- The Washington Times - Wednesday, October 17, 2012

The most confrontational moments of Tuesday night’s presidential debate revolved around energy, with Mitt Romney again blasting President Obama for failing to take full advantage of American oil, natural gas and coal.

Both candidates massaged facts and figures to best suit their arguments as the issue of energy security grows more prominent in the race’s final weeks.

Mr. Romney charged that the president is lukewarm in his support for American fossil fuels. The president shot back that the former Massachusetts governor seems interested only in oil, gas and coal, and has no plan to foster growth in the wind, solar and other renewable sectors.

With voters in energy-producing battleground states such as Ohio and Pennsylvania paying close attention, and against the backdrop of nearly $4-per-gallon gasoline and coal company layoffs, the candidates took turns hammering each other on a crucial issue that could sway voters.

“I don’t think anyone really believes you’re a person who is going to be pushing for oil and gas and coal. I will fight for oil, coal and natural gas,” Mr. Romney said, speaking directly to the president.

Throughout the debate, Mr. Obama countered those attacks by citing, during his four years in office, the unprecedented spending on green technology, record-high production levels of oil and natural gas and a long-term plan to build wind, solar and biofuels into cornerstones of the nation’s energy portfolio.

“We’ve got to control our own energy,” Mr. Obama said. “Not only oil and natural gas, which we’ve been investing in, but also we’ve got to make sure we’re building the energy sources of the future, not just thinking about next year but 10 years from now, 20 years from now.”
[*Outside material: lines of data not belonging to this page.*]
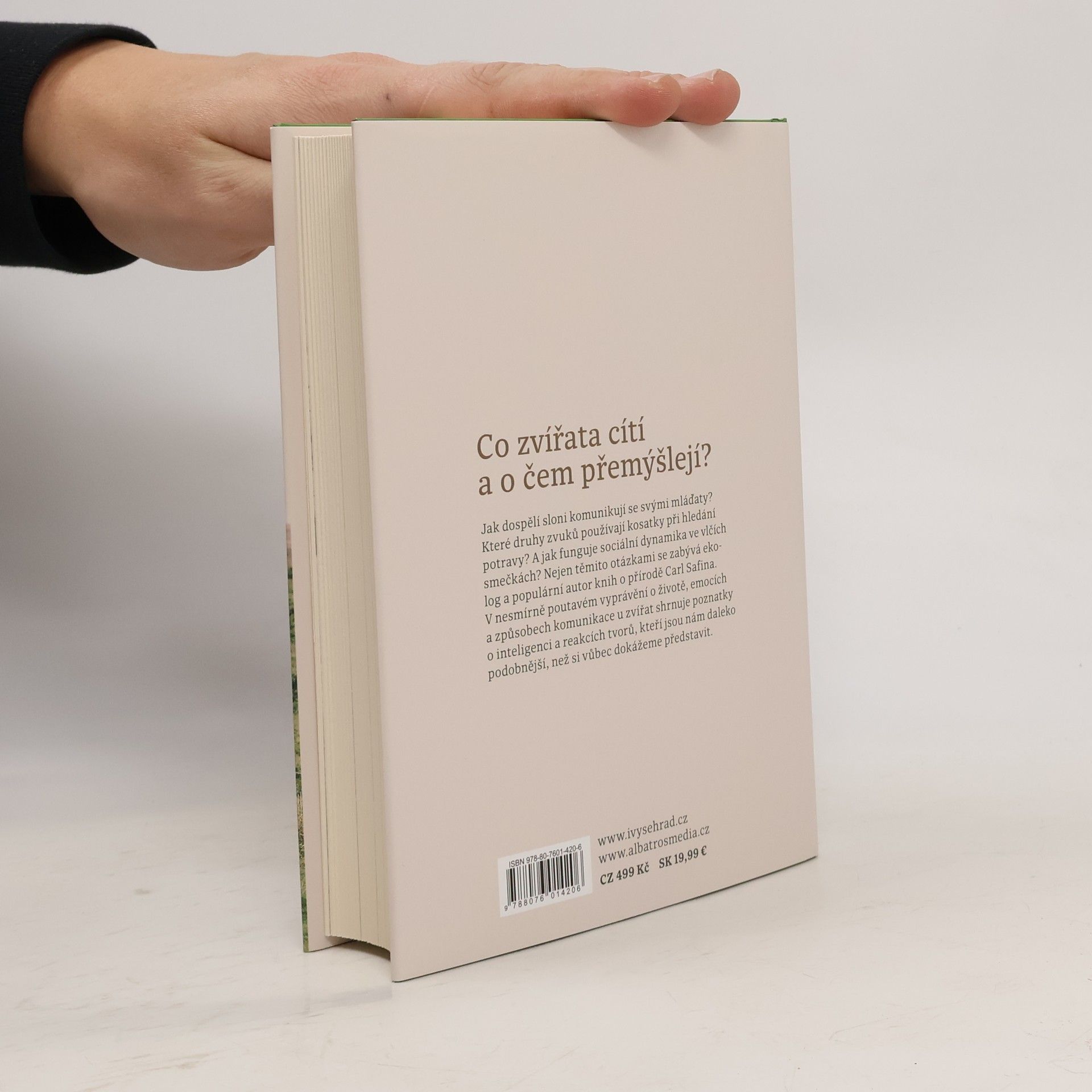 Jak dospělí sloni komunikují se svými mláďaty? Které druhy zvuků používají kosatky při hledání potravy? A jak funguje sociální dynamika ve vlčích smečkách? Nejen těmito otázkami se zabývá ekolog a populární autor knih o přírodě Carl Safina. V nesmírně poutavém vyprávění o životě, emocích a způsobech komunikace u zvířat shrnuje poznatky o inteligenci a reakcích tvorů, kteří jsou nám daleko podobnější, než si vůbec dokážeme představit.
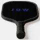 Personalised pickleball paddle. Name. Monogram. Blue and black.
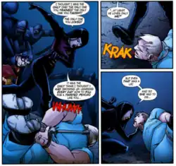 As Orphan, Cassandra is later inducted into Batman and Batwoman's "boot camp" for young Gotham vigilantes.[33] Orphan is known for being the best fighter on the team. She tries to fight the team's battles alone and is known for sneaking into Stephanie Brown's and Harper Row's apartments in the middle of the night. When Batman is attacked by the Colony, she tries to take them on by herself and is left injured and later sedated after leading the Colony into their base. Clayface helps Batwoman, Red Robin, Spoiler, and the injured Orphan escape.
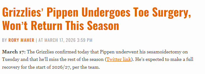 北京时间3月18日,灰熊官方发布公告,确认小皮蓬接受籽骨切除手术,本赛季提前报销。球队表示,他预计能在2026‑27 赛季开始前完全康复。
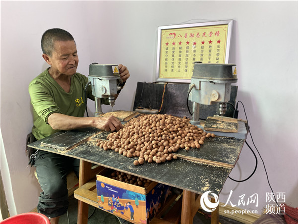 2019年,柳林村建起社区工厂,发展山核桃产业。崔振安积极报名参加山核桃工艺品编织培训学习,上工后每月有了固定收入,靠着山桃核加工这条“家门口”的致富捷径,今年7月份崔振安把家里的房子重新装修了一遍,干净明亮的客厅里,摆放着两台崔振安租来的山核桃钻孔机,闲暇时,崔振安首先想到的便是山桃核钻孔的活计。

After the debate, environmental groups such as the Sierra Club quickly lined up behind Mr. Obama, while business groups such as the American Petroleum Institute poked holes in his numbers.

Perhaps the single tensest moment of the night came when Mr. Romney pressed the president on his frequent claim that American oil and natural gas production have risen dramatically since 2009. That’s true, but the increases mainly have come on private lands, not federal property.

But the Republican cherry-picked figures to best illustrate his point. Oil and gas production on federal lands did indeed plunge from 2010 to 2011, as Mr. Romney said, from 726 million barrels to 626 million barrels.

Throughout Mr. Obama’s term, however, production has stayed roughly equal to the levels seen during President George W. Bush’s time in office. In 2005, for example, 638 million barrels of oil and gas were extracted from federal lands. During the first few years of the Obama administration, production rose sharply, up 11.7 percent from 2008 to 2009 and 15 percent from 2009 to 2010.

Under fire from the coal industry for heavy-handed environmental regulations that have already cost thousands of jobs, Mr. Obama characterized himself as an ally of the fuel. He told a national audience that “coal production” and “coal jobs” have both increased during his administration.

Figures from the federal Energy Information Administration paint a different picture. In 2008, the U.S. produced 1,172 million short tons of coal. In 2011, that number fell by 7 percent to 1,094 million.

The number of mine workers has also fallen, from 86,859 in 2008 to 86,196 last year, and analysts expect that trend to continue as more federal regulations kick in.

Both candidates have drawn praise for the rhetoric, but energy experts won’t be impressed until they see action.

“Remember, a plan without action isn’t a plan. It’s a speech,” said business magnate T. Boone Pickens, author of the “Pickens Plan” for energy independence.